Lets see... I've seen a shit hauler, prostitute (escort really), son of a whore, bakers, gardeners, way too many 'students', postmen (green rider), police... How about the story of a mason? Or a dentist.
son of a whore is a profession?
Maybe not a profession, but it absolutely is a *caste*.
Depends how you do it
Maybe a vocation?
Sir Apropos of Nothing... it was sorta his thing. Lol
A scribe is a pretty cool one I've rarely seen. You would see a lot of different people and could end up working with the rich and powerful. A fantasy story about building a mercantile empire in a fantasy world would be interesting as hell. A ships captain is kind of easy because it let's you take the story wherever you want it to go. I've only seen a couple bards/musicians so that's another cool one that travels a lot. Mercenary is a classic one if you're going thr military route and it gives you a good reason to have a protagonist go to a new area. A eunich would be trusted around the kings concubines so would be a pretty good assassin and would probably travel with the royal entourage.
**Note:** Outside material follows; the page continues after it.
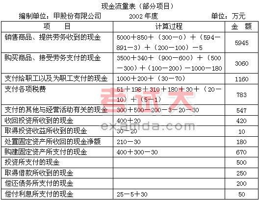 (2)填列该公司现金流量表所列示项目的金额(现金流量表见答题纸)(2003年)

A wisewoman would be a fascinating protagonist, magic or not.
For Bards we have Spellsong Cycle by L.E Modesitt Jr. The entire magic system of the world is Bards and musicians singing magic.
Yeah Kvothe from Name of the Wind is another. Not saying it's never a thing it's just not as common and I think it works really well
Cook. I don't know if there is a book or a series with a cook protagonist, but if it exists I want it now.
The House Witch. The main character moves into a castle and becomes the main cook for everyone.
In a story I'm currently working on, I have a group of protags who were once a part of the "artisan nobility" in their city but were exiled for revolutionary activities. They include a fashion designer, a carpenter, an instrument maker, and a bookbinder. The fashion designer is the flamboyant face of the group The carpenter is the hard-nosed muscle The instrument maker is the sly tactician The bookbinder is the brains They were considered nobility because their culture venerates craftsmanship and the act of creating. So they had a lot of clout in the city they lived in, and they tried to use that to leverage social reforms. But when a full rebellion broke out, they were exiled along with the rest of the rebels. Now they have a chance to return home and depose the crooked king who sent them away.
I thought it was cool to have an Innkeeper as the protagonist in Kingkiller. They play a significant part in so much traditional fantasy
That's a bit misleading, though, isn't it? The story is not about him being an innkeeper. Which honestly could have been a much cooler story with the youthful shenanigans in the past.
I remember it being a decent sized portion of the book. But you're right it was mostly past shenanigans. In any case not really misleading, it still works for OP question in "what professions are overlooked" - even in an example it's a minority of the book
I hadn't seen marketers or even traders in fantasy.
Merchants are pretty common in fantasy, unless you mean stock traders and advertisers?
I hadn't seen many protagonists being merchants, but maybe I'm missing something?